The court needs to improve its own performance. It has been plagued by lengthy proceedings, insufficient investigations in its earliest cases, and case-selection strategies that don’t always reflect what is most meaningful to victims. The prosecutor’s office would be well served by articulating clear priorities within and among the countries it addresses—and then living up to them.

But the burden of bolstering the ICC also rests with its member states. Like other human rights-protecting institutions, the court has struggled with a lack of political will among its ostensible government supporters, especially when it comes to arresting suspects. Inevitably, fulfilling obligations is more difficult in practice than in the abstract. Fifteen ICC arrest warrants are currently unenforced. In addition, damaging haggling among ICC members over restricting the court’s budget has displaced meaningful debate about how to build an effective institution.

The ICC has also attracted predictable opposition from leaders with reason to fear accountability. Facing possible ICC investigations, Burundi and the Philippines announced their withdrawals from the ICC, with Burundi having now formally left the court. As the now-open Burundi investigation shows, however, withdrawal has little legal effect on the court’s ability to pursue past crimes. Kenya, at a time when cases were pending before the ICC against the country’s president and deputy president for allegedly engineering attacks on one another’s supporters following the 2007 disputed election, tried to orchestrate a mass withdrawal by African countries. It failed in the face of strong opposition from other African governments and African civil society.

To counter such attacks, member states should use every opportunity to demonstrate support for the court. Member states that have complained about a perceived selectivity should support the court as it opens investigations outside Africa. Such concrete assistance can include building pressure to execute outstanding arrest warrants and ensuring that the court has the necessary funds to do its job.

At stake is not just the success of a single institution. The Rome Statute “system” is a network of the national courts of ICC member countries. The accountability embedded in the ICC treaty serves as a catalyst for other justice efforts, such as a UN-backed investigation mechanism set up for Syria to circumvent the Russian veto at the Security Council. That mechanism is not a court, but it can build trial-ready cases for national and international investigations when suspects are arrested and international justice avenues become available.

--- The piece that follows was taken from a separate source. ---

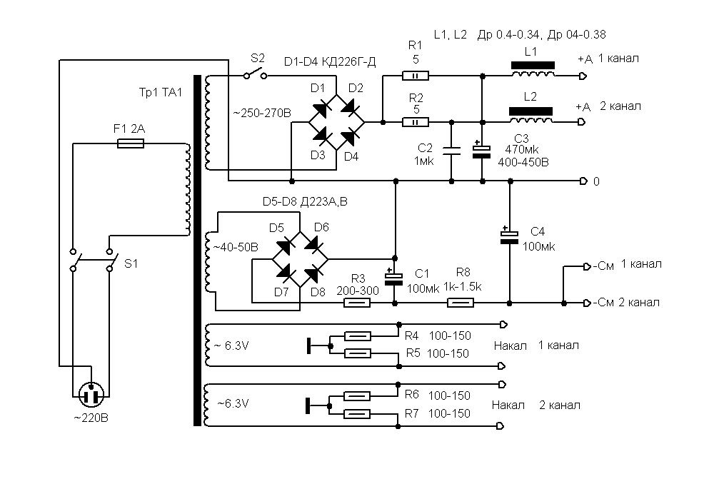 У этого трансформатора не совсем привычная вторичка, но такие «ответвления» были продиктованы имеющейся акустикой и конструктивно оказались вполне удобны.

As the twentieth anniversary of the ICC treaty nears, it is time to renew commitment to this landmark institution and for other states to join the court. These are the dangerous times that the court’s founders anticipated, warning in the treaty that the “delicate mosaic [of humanity’s common bonds] may be shattered at any time.” They believed they were building an institution to ensure that the most basic values—equality, dignity, justice—would be protected by law. It is critical not to turn back from this goal. We urge the global community that supported the ICC’s creation to work together with court officials to ensure that the ICC and its fight against impunity are strengthened by adversity, not diminished.